Has someone a good hint how to implement a parity-calculation of a byte in the most efficient way on an C51-device?
excellent example of the cost of portability. Many that have more concern for 'purity' (which, probably, is a great idea for PC code) end up with high hardware costs, simply because they do not ralize that, in small embedded, efficiency is the name of the game.
Erik
"excellent example of the cost of portability"
Actually, it's a poor example. Some other example would demonstrate the cost much better. On the non-8051 architecture where this is used, the expression compiles to the same 6-instruction sequence as the hand optimized assembly.

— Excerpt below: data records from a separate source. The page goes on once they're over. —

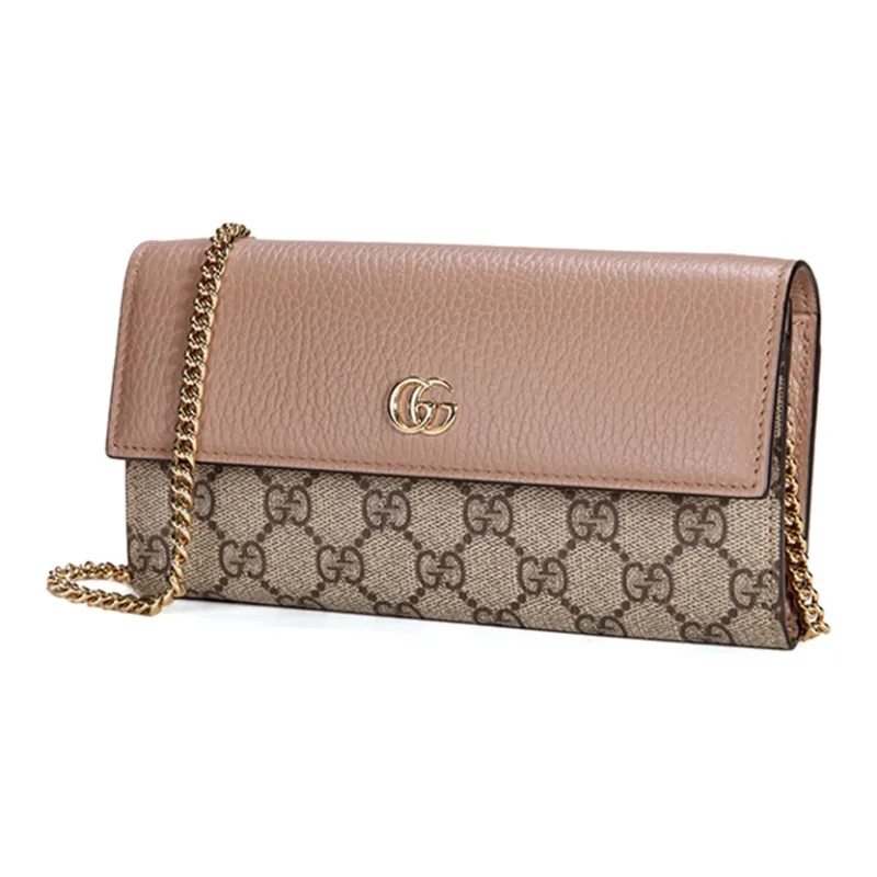 GUCCI GG Marmont Холст и Кожа Сумка через плечо Сумка на плечо Женская Светло-Коричневая и Розовая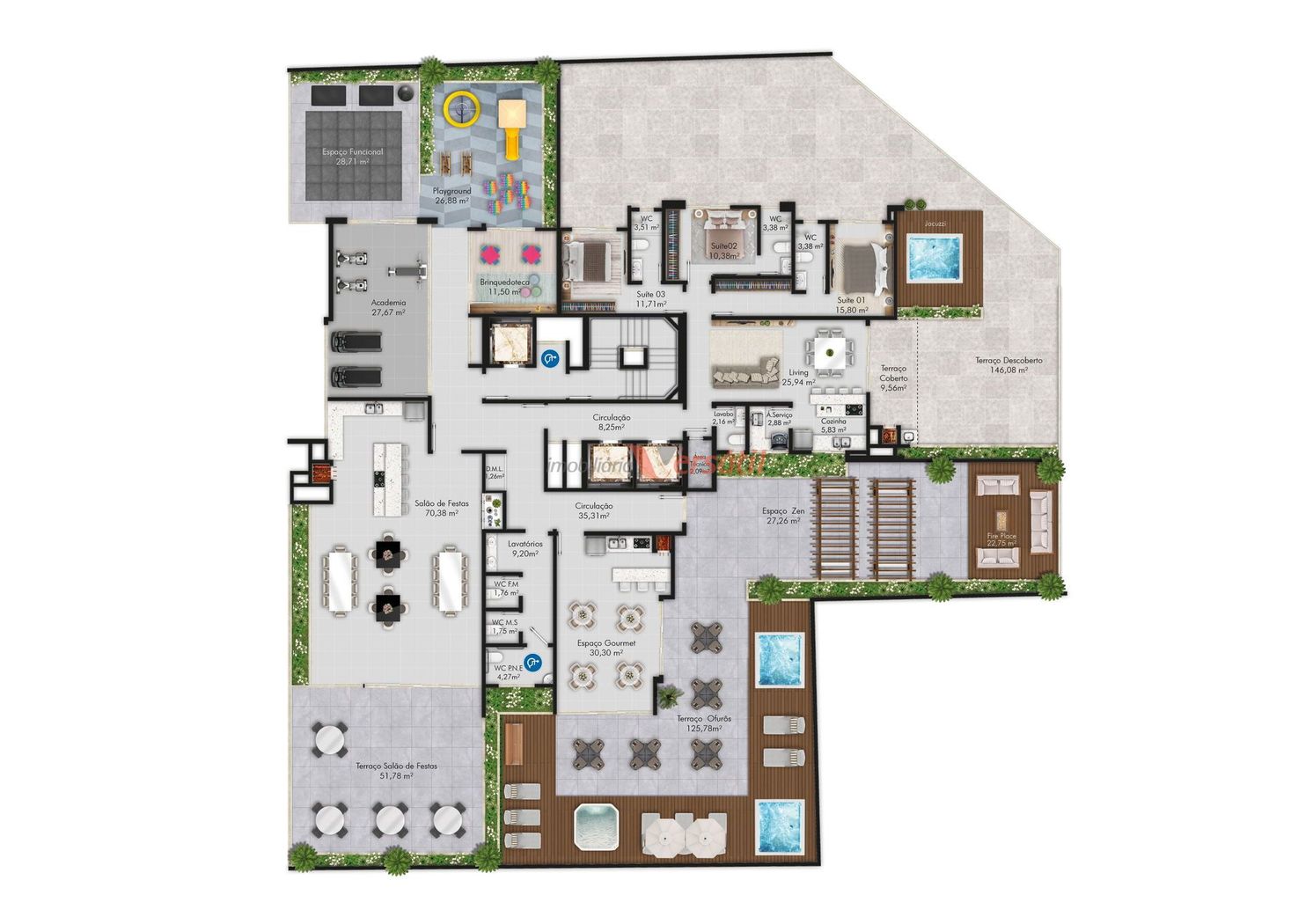 Total área de lazer: 800,18 m²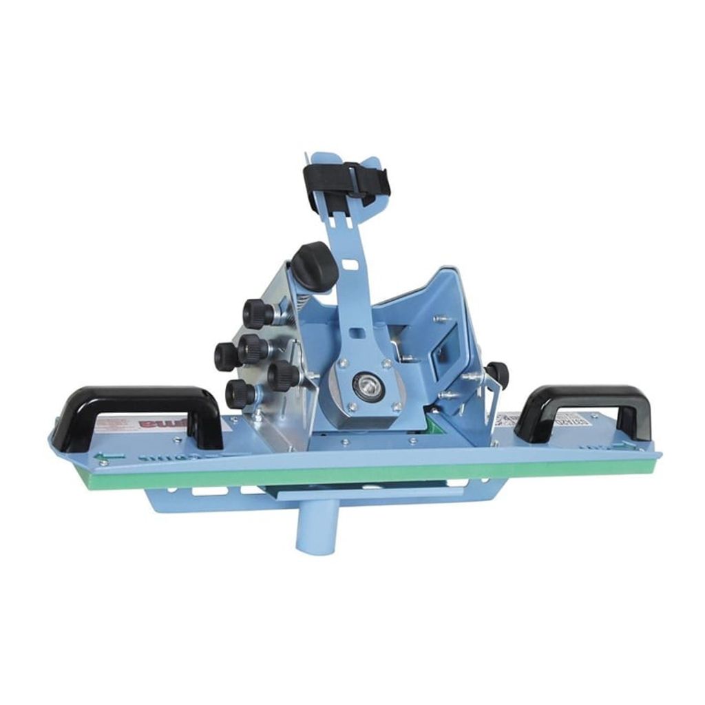 Ställ för vinkelslip med M14 gänga. Används vid torrbearbetning av kanter med vinkelslip och diamantprofil eller diamantklinga. Passar all typ av byggkeramik. Anhåll för jämn fräsning. Dammsugaranslutning Ø 35 mm. Levereras med diamantklinga för kapning av material med tjocklek 5-20 mm.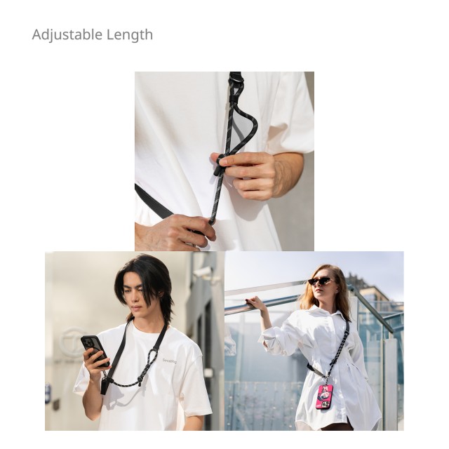SmallRig FilMov Phone Shoulder Strap je funkční, stylová a ekologická šňůrka na telefon s nastavitelnou délkou pro různé styly. Je vyroben z pravé kůže a nylonového lana, je odolný a zároveň lehký. Minimalistický design peruánského uzlu umožňuje nastavení délky, vhodné pro nošení kolem krku nebo přes tělo. Je vybaven víceúčelovým závěsným bodem a spodním kovovým háčkem pro připevnění příslušenství, jako jsou pouzdra AirPods, klíče nebo přívěsky.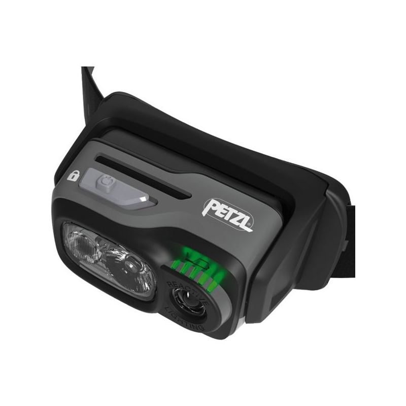 Rechargeable. 3 modes d'éclairage : Standard Lighting, Reactive Lighting® et éclairage rouge. Travaux à portée de mains jusqu'à : intensité 100 lm - distance 35 m - autonomie 10 à 50h. Proximité jusqu'à : intensité 300 lm - distance 55 m - autonomie 4 à 40h. Déplacement jusqu'à : intensité 900 lm - distance 150 m - autonomie 2 à 30h. Vision lointaine jusqu'à : intensité 550 lm - distance 150 m - autonomie 4 à 50h. Réserve de 2h intensité 10 ou 15 lm. Équipé d'un capteur de luminosité ambiante (REACTIVE LIGHTING). Pilotage autonome de l'éclairage. Bouton unique avec fonction verrouillage. Rechargeable via USB avec jauge d'énergie. Fournie avec platine pour fixation sur casques Petzl et autres casques en fonction de la compatibilité. Bandeau élastique confortable et lavable. Étanchéité : IPX4 (résistant aux intempéries) Alimentation : batterie lithium-ion Type de faisceau : mixte ou focalisé Poids : 123 g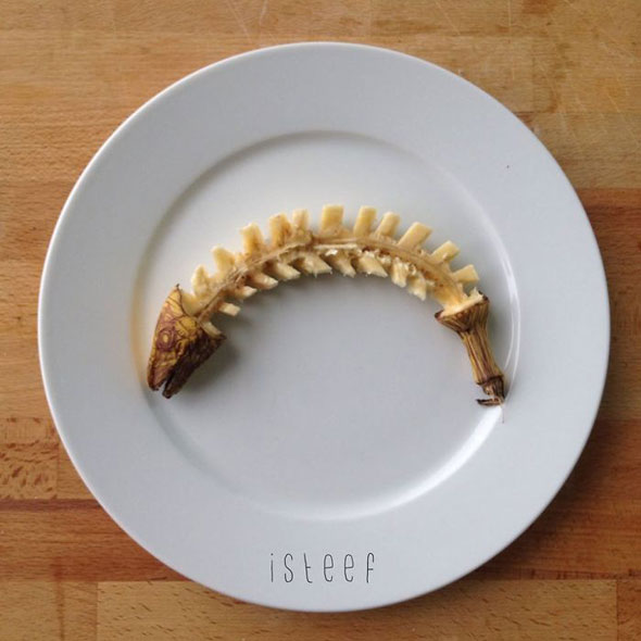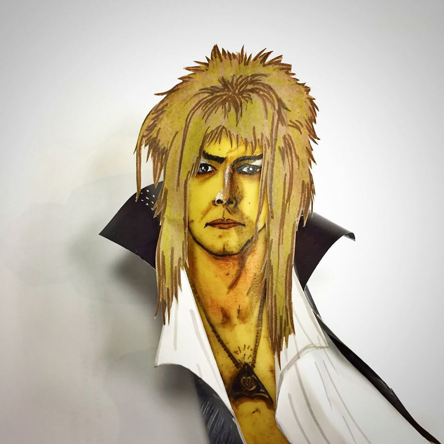 While paint and ink begin to give the banana some personality, the art really comes to life with the addition of paper and other props. Wong then peels open and eats every character, so there’s no food waste. Check out more below.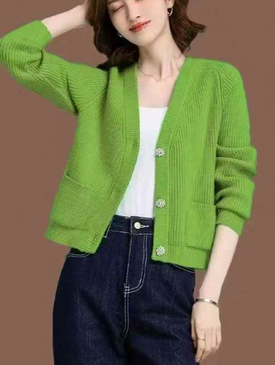 早秋新款V领宽松慵懒风针织毛衣开衫,独立包装,均码面料柔软舒适,150件左...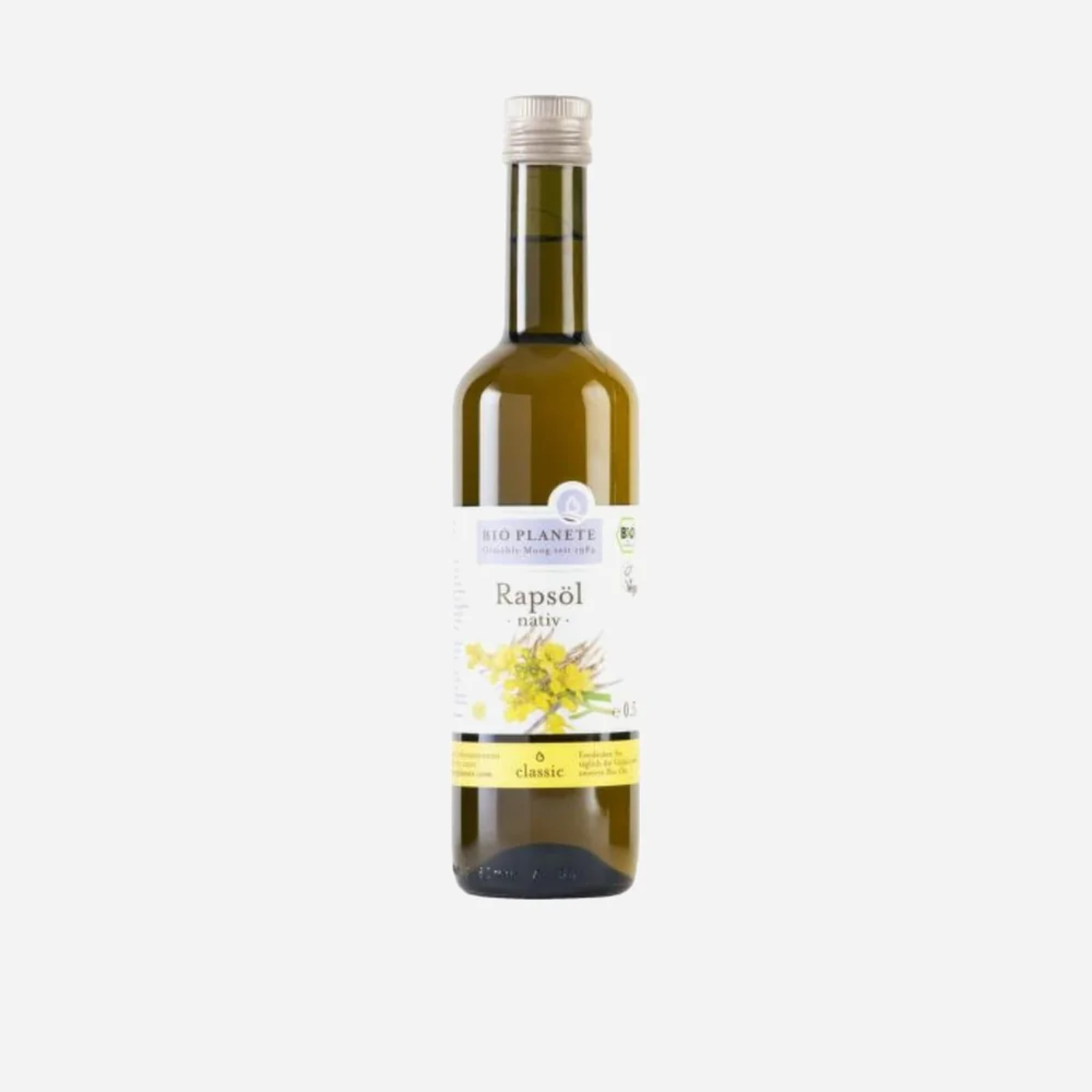 Řepkový panenský olej tmavě žluté barvy a neutrální chuti v biokvalitě. Lisován za studena bez použití chemikálií.

I am away without access to my C51 toolchain at the moment to include the compiler-generated assembly, but you will find with the http://www.keil.com/support/docs/1619.htm and its function parameter and call/return overhead, that the non-portable function and portable expression versions compare quite closely.
That's why if you want to shave off a few bytes and cycles, you should write it assembly, but do it inline within a larger assembly module that uses the parity, otherwise you've still got the overhead of a function call without benefit.
Dan, you are right; however I see a possible misunderstanding of your stetement and thus, without any malice, I correct it
"but do it within a larger assembly routine that uses the parity"
On my first read I read 'inline' as "inline assembly in a C module"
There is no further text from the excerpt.